China’s biggest chipmaker SMIC is set to follow its staggering $6.6 billion share sale with a Shanghai market debut.

The move will provide SMIC with piles of cash to match TSMC and at the forefront of a Chinese government drive to develop an independent chip industry.

Its second-biggest shareholder, the state-backed China Integrated Circuit Industry Investor Fund, signed up as the largest strategic investor of the offering which, by Monday close, had attracted 566 times as much money from retail investors as shares available.

The move is an attempt to counter US attempts to shut down China’s technology companies by starving them of US technology.

However experts have warned that even if SMIC acquired technology in its race to catch TSMC the 20-year-old firm lacks the intellectual property and process know-how to win top customers for at least a decade, experts said.
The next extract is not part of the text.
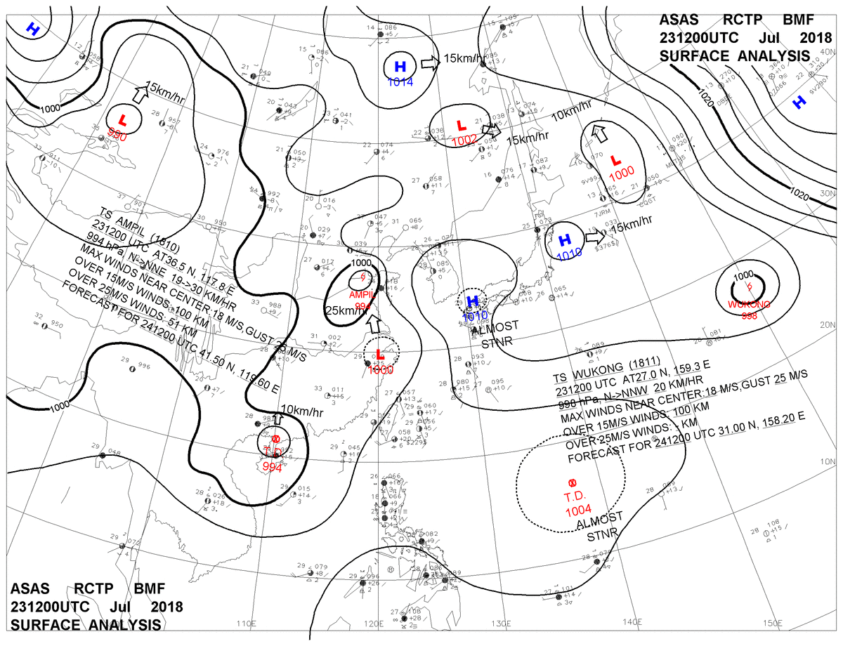 2018/07/23 12z sfcmap 天氣圖
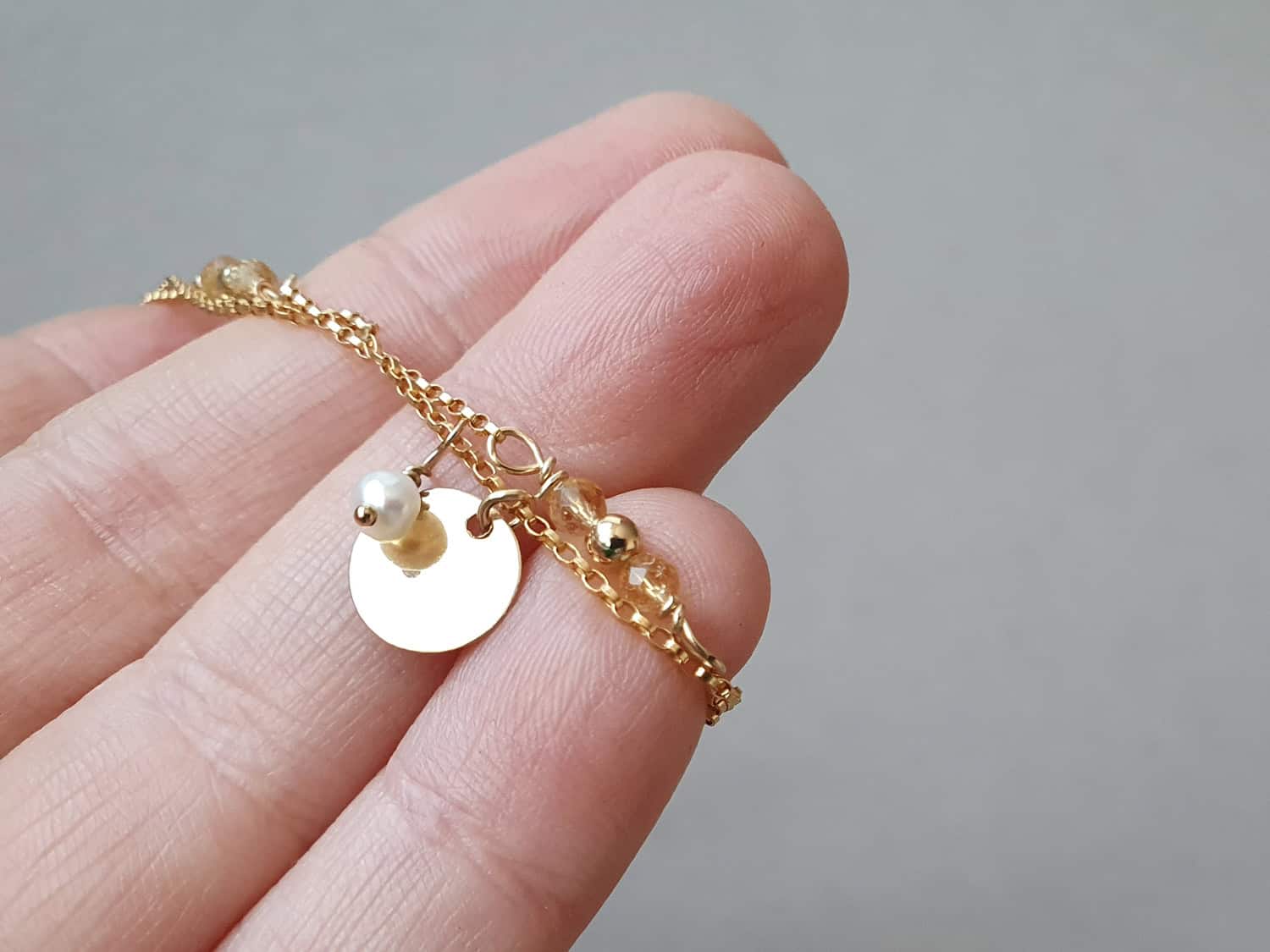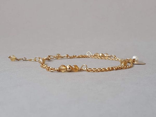 Brățară în stil minimalist realizată din aur filat galben, rondele fațetate de 2,5-2,7 mm din citrin natural, netratat termic și o mică perlă de cultură. Disponibilă și în varianta cu argint sau aur filat roz. Mai multe informații legate de aurul filat (gold filled), aici.

Its capital spending could more than double this year from last at $4.7 billion, S&P Global analysts estimated - just a third of TSMC’s forecast spend.

Of the $6.6 billion proceeds, SMIC plans to spend 40 per cent building a plant making 12-inch silicon wafers to produce chips with 14 and 7 nanometre technology. That would make it capable of taking high-end chip orders from the likes of Nvidia, Qualcomm and Huawei chip unit HiSilicon.

Of immediate risk are U.S. restrictions on firms using U.S. technology and markets that do business with Huawei.

SMIC earns up to 20 per cent of sales from HiSilicon, showed Bernstein Research data. It relies on equipment from Applied Materials, LAM Research, KLA, ASML and others in the United States or allied countries for which there is no Chinese substitute.